They are outstanding athletes who should be lauded for their
courage, competitiveness, skill and ability to entertain
through their extraordinary sporting deeds. Their athletic
abilities are to be admired and in that sense they can be
held up as role models.
Rugby league players cannot, however, be held up as role
models for good citizenship. At least not as a collective,
just as no collective can have the individuals that comprise
it simplistically sterilised into sameness. No group of people
can be held up as role models for good citizenship as doing
so simply exterminates any sense of individuality.
We have been over this before. Many times. Most recently
with Michael Phelps. Athletes are athletes. They should not
be held to a higher or lower standard because they excel
at sport rather than accounting, poetry or snake milking.
They are citizens who make a living from playing sport. They
make a living from playing sport because the market allows
for it. There is a demand for entertainment and athletes
provide that entertainment.
Some citizens who make their living from sport are law-abiding
do-gooders who commit few wrongs.
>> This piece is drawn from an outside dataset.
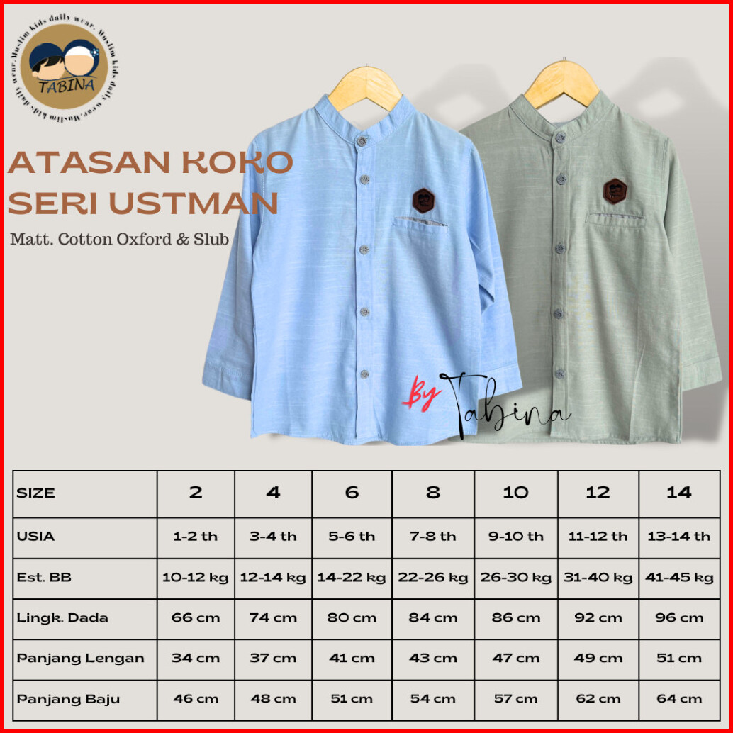 Tabina Kemeja Anak Laki Laki - Remaja Lengan Panjang Seri Ustman Usia 2 Tahun Sampai 14 Tahun

Others are serial recidivists
who break the law and harm others. Most fall somewhere in
between. None of that is particularly relevant other than
to say that the individuals that comprise a group of people
are different. They should all be held to the same laws and
social standards just as people across different groups should
be held to the same laws and social standards. An excellence
in athleticism does not mean you need to adhere to a higher
form of social behaviour than those of us who sit somewhere
between decent and abysmal in the continuum of athletic ability.
This, of course, is a tiresome
argument and one that has been trotted out on innumerable
occasions on these pages.
It is a liberal opinion that is not only valid but entirely
correct to anybody with enough common sense to avoid bandwagons
and lynch mobs. But I am sick of arguing it and I dare say
the great majority are sick of reading “The Sportsman
Is Not A Role Model” line. I just can’t let it
slide, however. More to the point, I won’t and if this
turns into some form of crusade then so be it.
In the last few weeks, four NRL players have been out on
the drink and have been torn down by the media and punished
by the league who have acceded to yet another populist campaign.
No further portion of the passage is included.